As the OP uses a 6D II, it's not a question if they will see a massive jump in IQ. Just in terms or DR and noise that's absolutely the case, and almost doubling the resolution in the case of the R5 would definitely improve overall IQ.

@ADW I don't have personal experience with any of these lenses, but as they all appear to be version one lenses it is safe to say that the RF versions would perform better. The real question is whether for your use cases you would get enough of a benefit to compensate the compromises - But as of right now we have no idea what those may even be. For all we know, the R5s may just be a straight upgrade over the R5. Really the only potential downsides are FPS (At twice the resolution of the R5, it would do 10 FPS if they kept the throughput the same) and price.

You say you print 24" X 16" with your 26 MP 6D II? That means you print at 260 dpi currently. The R5 would allow you take that to 340 and the R5s to 480. If printing is your main concern, you could at least evaluate that even today without purchasing any new product.

Either stitch a 3X3 panorama of 9 6D II frames to get to above 90 MP total resolution (Assuming 33% overlap) and print that at 340 dpi to simulate a R5 and 480 dpi to simulate an R5s. If you don't see a noteworthy difference from your desired viewing distance, the bottleneck is your print size, regardless of your lens.

If you do see a difference (or crop frequently) the follow up investigation by renting both models once available makes sense to get a real impression of the difference.


----------



## ADW (Feb 27, 2021)

Joules said:


> If I understood correctly, the OP is asking whether they should wait for the high resolution R rumored to be called R5's and released sometime this year, rather than get an R5 right away.
> 
> In that context, your experience with improved resolution could also be twisted into an argument against the R5 and for the 'R5s'.
> 
> ...


Joules, your post is the best that I could have ever gotten for answering my concerns on image quality, and the feasibility of moving up to a higher-grade camera for my desires. 

As you've pointed out, printing at 24x16 on my Epson P800 requires a dpi level that my 6DII can't reach.
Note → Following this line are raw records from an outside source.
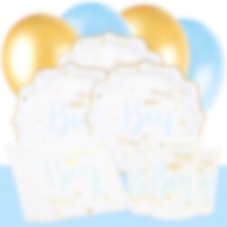 Detta färdiga kalaspaket till för babyshower eller dop inkluderar 10 stycken lyxiga tallrikar med guldfolierade kanter (21 x 21 cm), 10 st. söta pappmuggar (270 ml) och 20 st. vackra servetter med texten "Boy" (33 x 33 cm) utöver det så ingår 10 st. guldmetallic ballonger och 10 st. ljusblå ballonger samt en ljusblå bordsduk av plast (137 x 274 cm).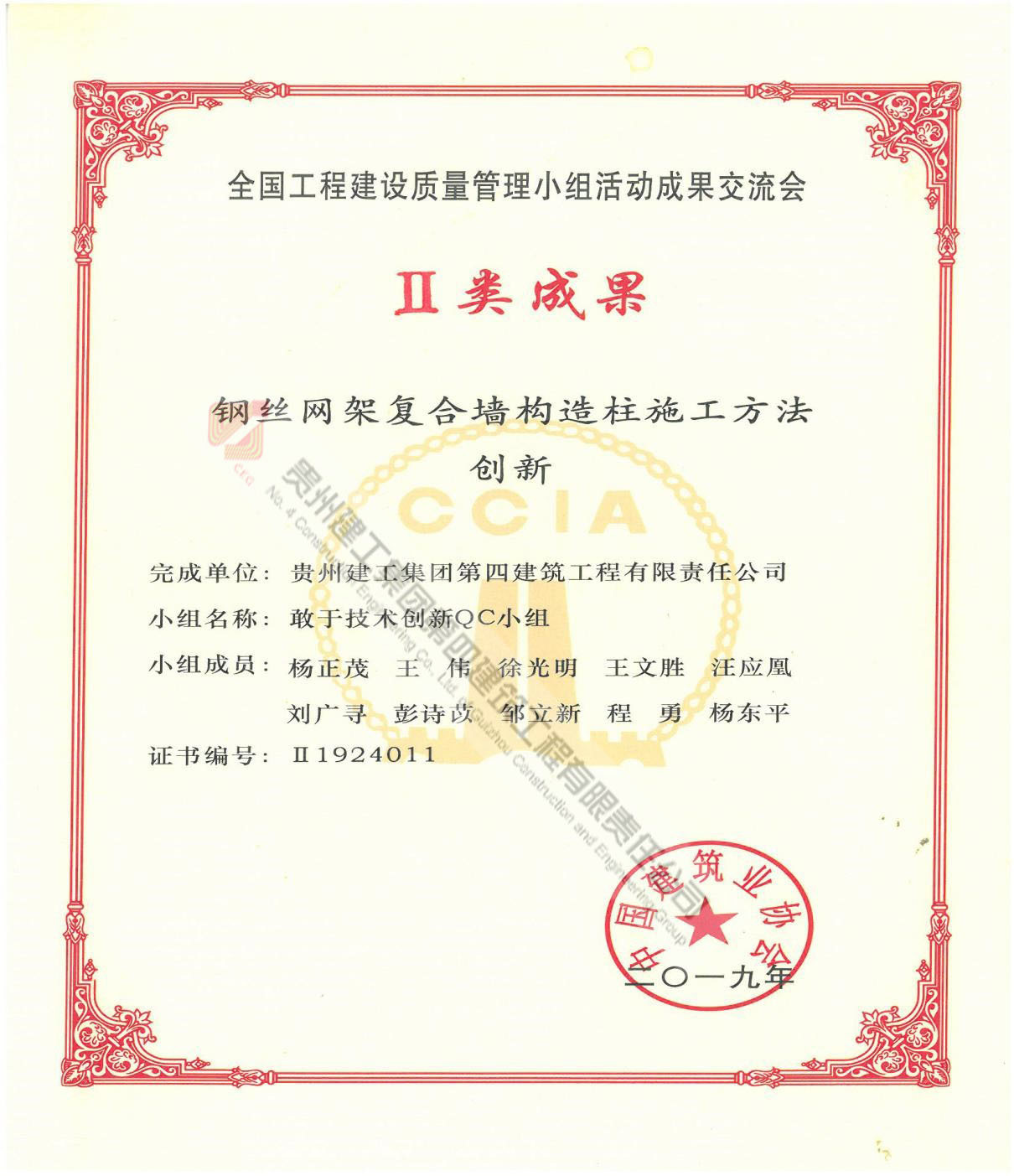 贵州建工集团第四建筑工程有限责任公司敢于技术创新QC小组,荣获中国建筑业协会2019年度全国工程建设质量管理小组活动Ⅱ类成果奖。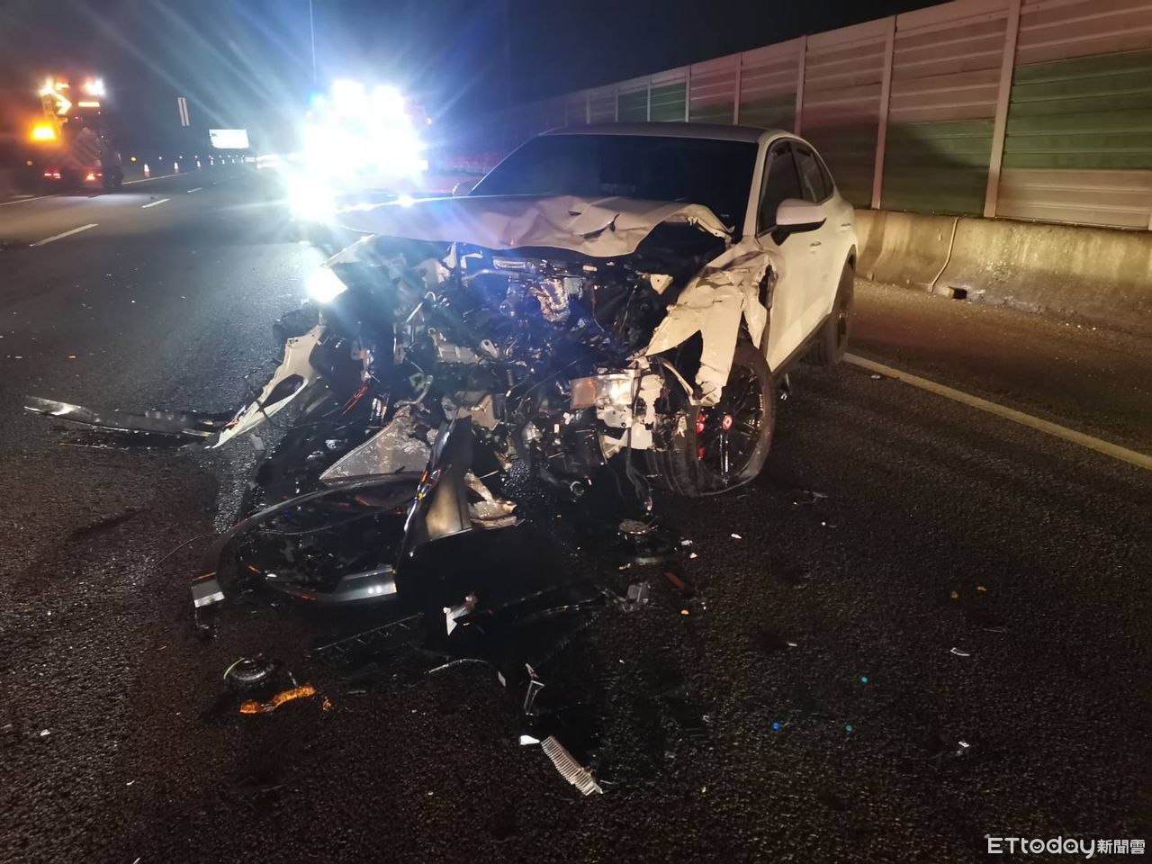 ▲國道一大雅段昨天深夜發生一起車禍,一輛奧迪休旅車開輔助駕駛,不明原因追撞緩撞車。(圖/民眾提供)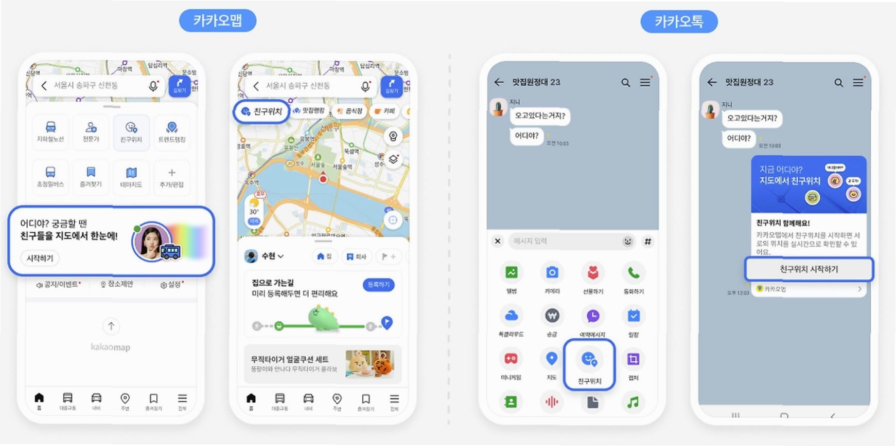Q.카카오맵 '친구위치' 서비스는 어떻게 시작하나요?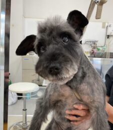 毎月マイクロナノバブル浴+薬浴のカットコースをご利用のM・シュナウザーのしゅーくんは、体3 ㎜四肢5㎜ トップはモヒカン お髭は短くのご注文です。…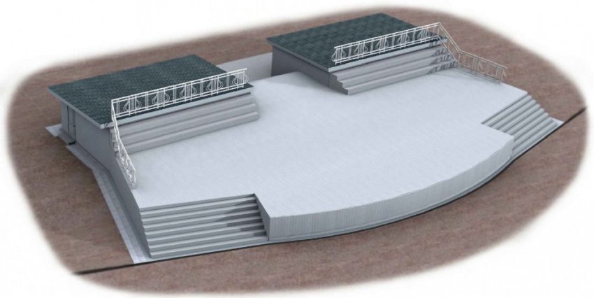 В придачу к сцене изготовят съемную крышу (ее можно будет монтировать в непогоду; постоянный навес исказил бы облик парка) и приставной пандус для инвалидов.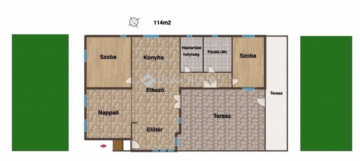 Helyiségek:Nappali+2 szoba, konyha, étkező, előtér, házatartási helyiség, fürdő+Wc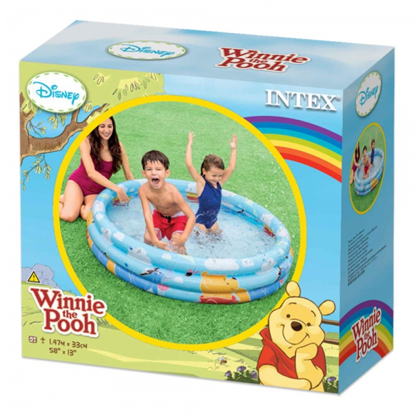 استخر بادی کودک طرح کارتونی پو یکی از جذاب ترین تولیدات شرکت اینتکس بوده که مناسب تفریح کودکان طراحی و به بازار عرضه شده است . این استخر بادی از سه محفظه با دریچه هوای مجزا تشکیل شده است که این امر موجب شده که قادر به تعیین ارتفاع آن باشید . بدنه آن از جنس پی وی سی رنگی در نظر گرفته شده است که دارای طرح هایی زیبا و کارتونی بر روی بدنه بوده که زیبایی محصول را تا حد چشمگیری افزایش داده است . ساختار این استخر بادی کودک به صورت سه طبقه می باشد یعنی از سه حلقه بادی قرار گرفته بر روی هم تشکیل شده است . این نوع طراحی باعث شده تا فشار آب به دیواره ها کمتر شود و استحکام بدنه در برابر وزن آب بیشتر شود .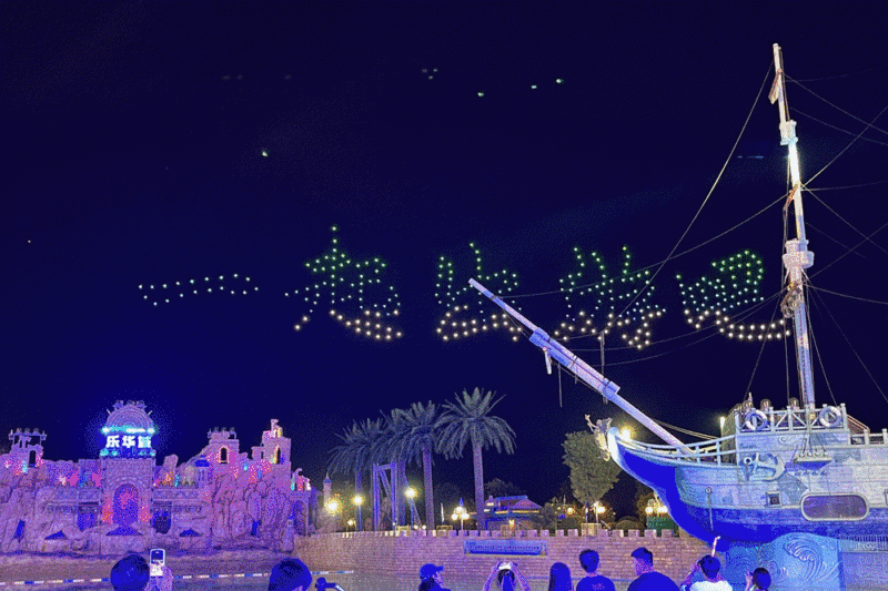 活动现场还进行了西咸新区文化旅游新业态企业授牌仪式,华侨城、茯茶镇、诗经里、乐华城等企业代表上台获颁授牌。伴随着乐华城绚烂的烟花表演,300架无人机在空中飞出“看见多彩西咸”“一起出游吧”“秦创原 看西咸”“创新发展 原梦西咸”等图案,现场气氛火爆热烈。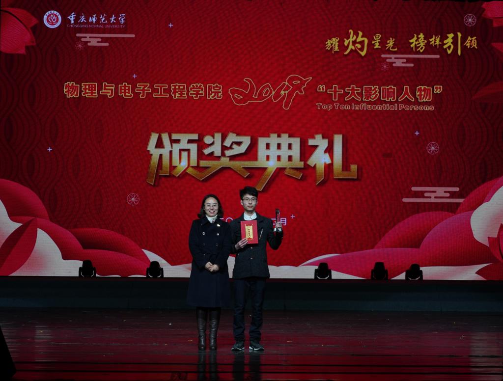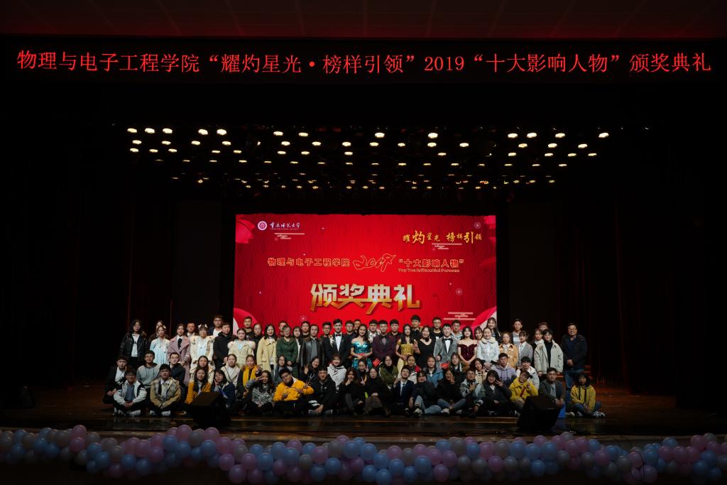 2019“十大影响人物”个人介绍片,了解了2019“十大影响人物”获奖同学在学业、科研、创新、创业、文体等方面追求卓越、逐梦前行的奋斗历程,听取了他们对物电学子的温暖寄语。随后,学校职能部门领导、学院领导及专业老师分别向2019“十大影响人物”获奖同学致颁奖词并向他们颁发奖杯及证书。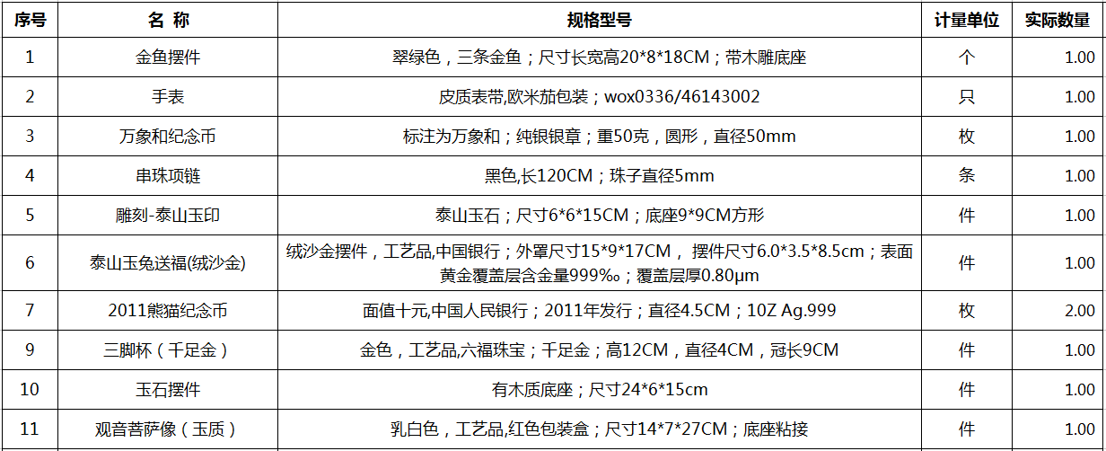 9、存貨物品一宗(包括木質雕刻類、玉石擺件類等),詳見清單。參考價18.1萬元,保證金3萬元。

According to charts I've accessed, a print of that size requires 35 megapixels, which the R5 can attain without any strain. With that information, I have to determine where to go from here. For this middle-class retiree, spending my money wisely is crucially important, as investing in an R5 system, (camera body, battery grip, extra batteries and new memory cards) tax included will run me up to $4,800 USD, no small amount of money.

And then, of course, I have to ask one of the most important questions--at 24x16 will a 90mp sensor produce a decisively more detailed print than the R5 is capable of, or will the printer simply discard pixels it doesn't need at that size? If the image quality of the rumored R5s is not noticeably, or subjectively decisively, superior to the R5, it would seem to make no sense for me to go beyond the R5. 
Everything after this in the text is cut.